◆ Available data ◆
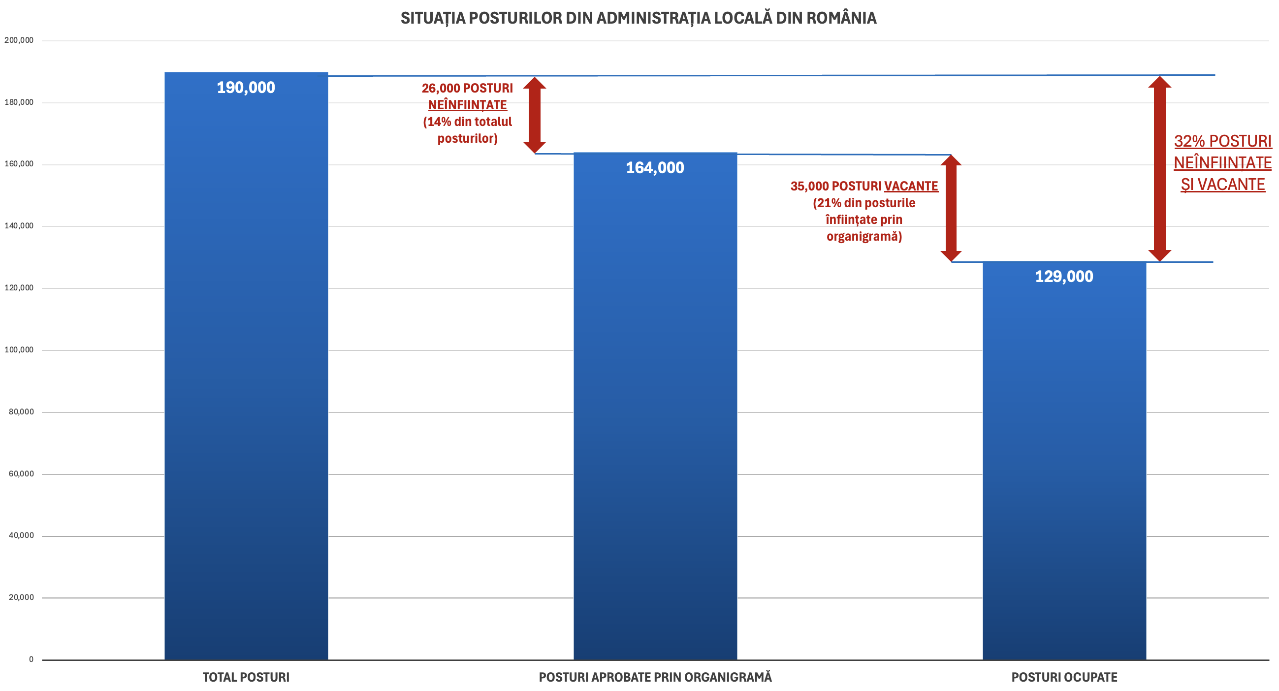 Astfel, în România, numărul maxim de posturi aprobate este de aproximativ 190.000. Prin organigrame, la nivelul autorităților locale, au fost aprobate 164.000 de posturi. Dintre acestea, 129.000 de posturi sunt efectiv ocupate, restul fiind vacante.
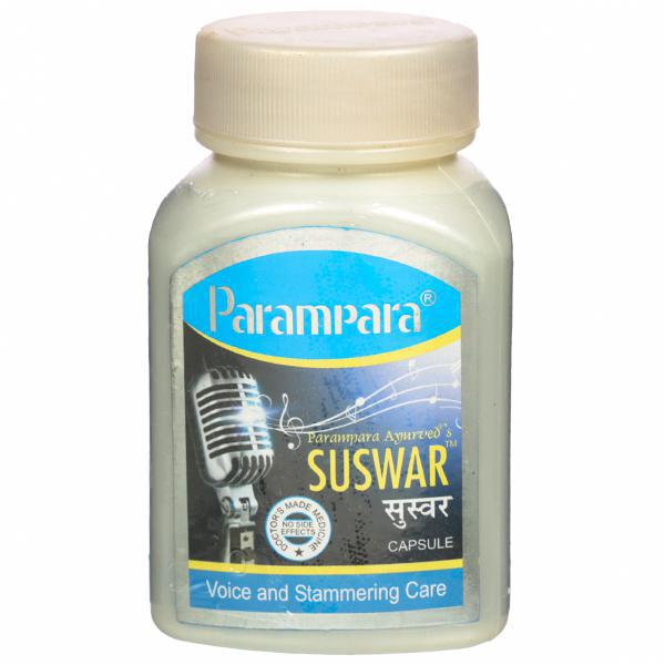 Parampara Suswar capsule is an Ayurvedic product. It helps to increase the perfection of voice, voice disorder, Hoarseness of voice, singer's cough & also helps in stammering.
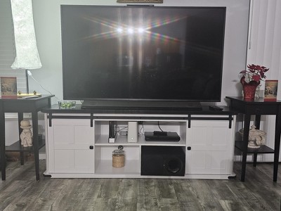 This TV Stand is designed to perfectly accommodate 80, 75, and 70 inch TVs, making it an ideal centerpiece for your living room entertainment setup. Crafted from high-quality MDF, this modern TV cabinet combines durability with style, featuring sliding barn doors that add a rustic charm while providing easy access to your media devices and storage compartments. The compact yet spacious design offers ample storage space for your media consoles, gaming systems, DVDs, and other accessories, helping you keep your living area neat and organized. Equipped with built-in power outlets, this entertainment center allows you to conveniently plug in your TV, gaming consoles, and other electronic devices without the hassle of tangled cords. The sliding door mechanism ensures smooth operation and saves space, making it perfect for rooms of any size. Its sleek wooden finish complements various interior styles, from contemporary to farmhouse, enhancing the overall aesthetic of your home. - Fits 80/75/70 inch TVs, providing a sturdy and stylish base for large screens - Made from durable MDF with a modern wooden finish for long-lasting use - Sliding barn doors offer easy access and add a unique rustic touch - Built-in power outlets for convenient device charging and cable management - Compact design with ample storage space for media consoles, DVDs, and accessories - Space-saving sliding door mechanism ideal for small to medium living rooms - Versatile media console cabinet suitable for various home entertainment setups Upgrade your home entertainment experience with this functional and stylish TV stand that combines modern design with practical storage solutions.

◆ What the task requires ◆
Emit the lines of the material exactly, from its first line to the line containing "Parampara Suswar capsule", inclusive; leave every picture out.

◆ Reply to the task ◆
 Astfel, în România, numărul maxim de posturi aprobate este de aproximativ 190.000. Prin organigrame, la nivelul autorităților locale, au fost aprobate 164.000 de posturi. Dintre acestea, 129.000 de posturi sunt efectiv ocupate, restul fiind vacante.
 Parampara Suswar capsule is an Ayurvedic product. It helps to increase the perfection of voice, voice disorder, Hoarseness of voice, singer's cough & also helps in stammering.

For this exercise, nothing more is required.